When you integrate the two systems, this is where the true test lies. In fact, this is not limited to systems. It also holds true for different components, or modules, or classes within the same codebase or application.
The rule is that until you have integrated the separate components, whatever they are - you just don't know if things work the way they should. That is why the most insidious and hard-to-find bugs are found in the relationships between entities and not so much within the entities themselves.
Luckily, there is a solution. Integrate early and do it often. Create integration tests and End-to-End tests that can test the entire flow of the application. Use them sparingly, but each such test is worth dozens of unit tests since it tests an entire flow.
The other thing you can and need to do is ensure that contract specifications between systems are well defined and well communicated. This is not always up to. However, as a software engineer, you can communicate the importance of this to those who are responsible for these requirements - product owners, managers, or business analysts.
Otherwise, you will continue writing code under your own assumptions and with you own interpretation while others have theirs.
Bugs will continue hiding in between.
Lesson #2: You Are Only as Agile as Your Least Agile Link
Much has been said about agile software development, Agile™, Scrum, and everything in between. There is no shortage of opinions from software engineers and others on the topic. Many of these opinions are critical of the Agile process and methodology.
This lesson though is not about whether Agile methodologies are right or wrong. Instead, this is an observation about one key aspect that makes or breaks the success of Agile in an organization.
My first acquaintance with Agile methodologies was somewhere towards the midway in my career. One large organization that I was working for at the time started switching from waterfall to Agile. My team was one of the teams that switched to the Scrum version of Agile within that organization. We started working in sprints, assigned points to stories, and our managers began to vigilantly track team velocity.
There was one problem.
My team did not work in isolation. We worked within an ecosystem of products, teams, systems, and programmes. Many of those were dependent on my team while others were dependencies for us. It is those dependencies that, as I started noticing at one point, were the cause of significant impediments to our delivery.
The problem was that even though we had biweekly sprints and were delivering functionality at a fairly rapid and consistent pace - our counterparts were not.
When we had to design an API that called System XYZ, ran some business logic, and then returned a response to the customer - guess what happened. The team working on System XYZ was not ready. Not even remotely close! That team was still in Waterfall mode - waiting for months on end to complete their functionality.
So while our API was the "star of the show" with everyone waiting for it to be ready, it couldn't really work without the other system being ready.
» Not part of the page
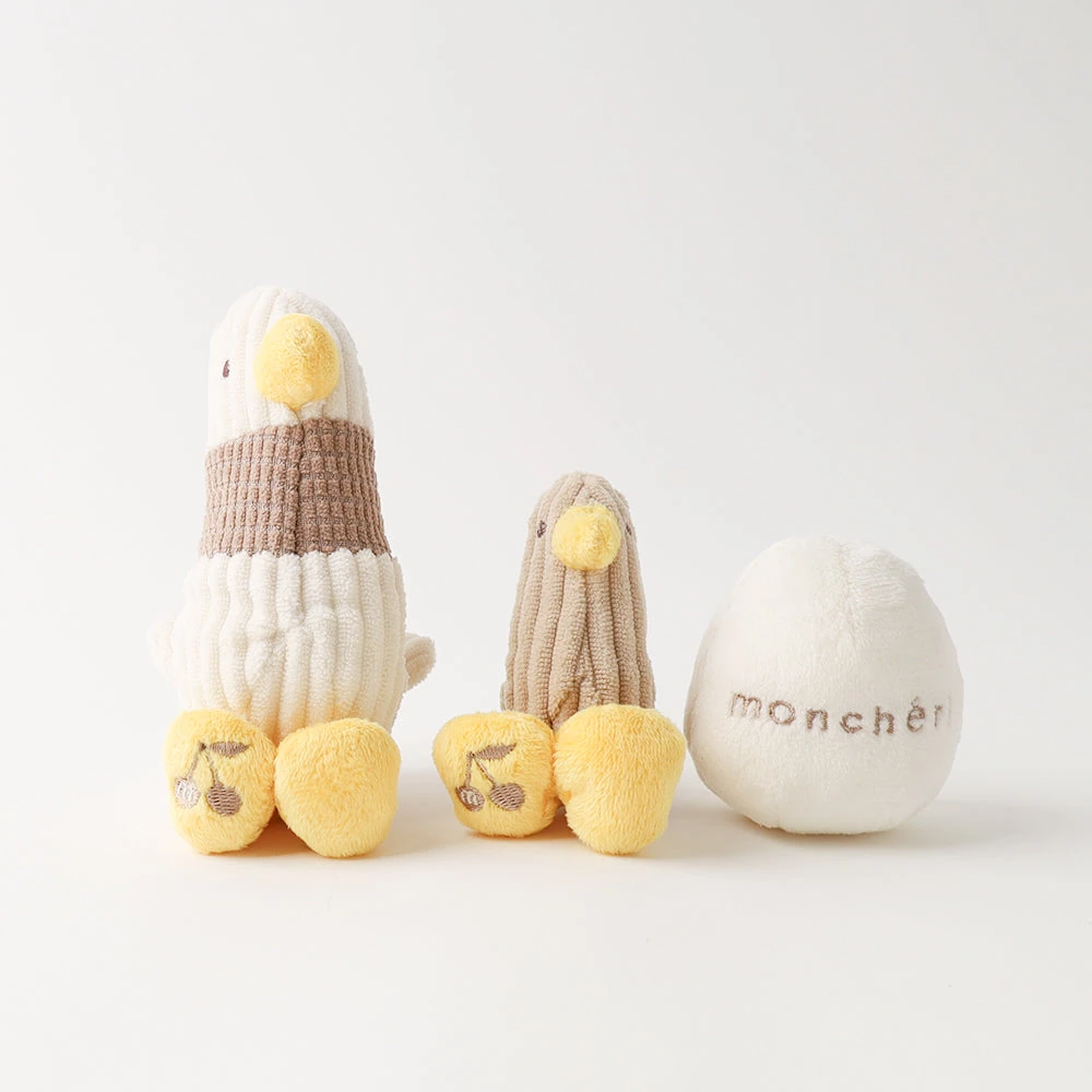 親あひる:約20cm、子あひる:約12cmのサイズで、小型犬から中型犬まで幅広くお楽しみいただけます。特に子犬期から成犬期にかけて、長く愛用していただける設計となっています。

This resulted in shattered expectations - on high levels, lots of misunderstanding, and a significant fallout.
Now, you might say - "Why, this isn't agile at all! True Agile takes these things into consideration. You can at least mock the other system!" You're right. But this was early on in Agile adoption across the industry and so many didn't yet have these "lessons learned".
I've also got news for you. Many teams and organizations are not aware of this and other such basic "agile guidelines" to this day! Even if they are aware to some degree, they still implement Agile processes in a way that is counterproductive and achieves the opposite of the intended speed and agility that was intended.
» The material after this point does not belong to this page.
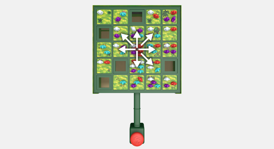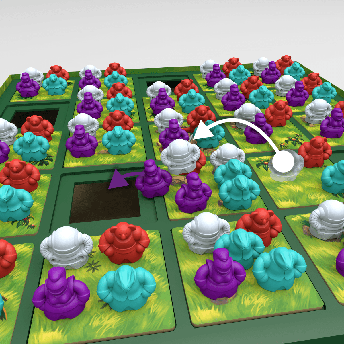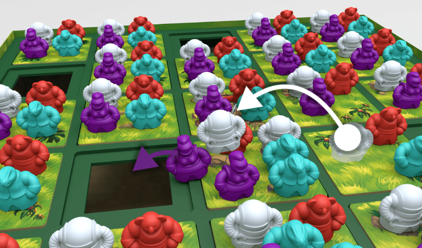 Als jouw krijger tijdens jouw beurt op een volle tegel eindigt, moet je 1 van de daar al aanwezige krijgers naar de volgende tegel duwen in dezelfde richting als jouw krijger opging.

So what can you do as a "mere software engineer"? After all, you don't make the requirements and you are not in the role of setting deadlines and making promises to upper management. Not in most large corporations, anyway.
The one thing you can do is communicate these concerns early and often. System dependencies can be resolved if everyone understands the reality of delivering that product. If your Product and Business stakeholders have awareness and understanding of these dependencies, measures can be put in place to account for them, address, and mitigate them.
There is nothing stopping you from saying to your Product Owner or Manager -
"Hey, that System XYZ, doesn't look like they are going to be ready in time. What we can do is create a fake response from them and use it instead of the real system when the client calls us. That way, we demonstrate our functionality without waiting for them. We just need your help in creating awareness around this and communicating it to the project stakeholders."
The sooner, that's done, the better.
At Least 50% of Bugs Are Due to Caching
Caching in memory. Caching in a separate product. Caching in the browser. DNS caching. OS level caching. Distributed caching. You get the idea…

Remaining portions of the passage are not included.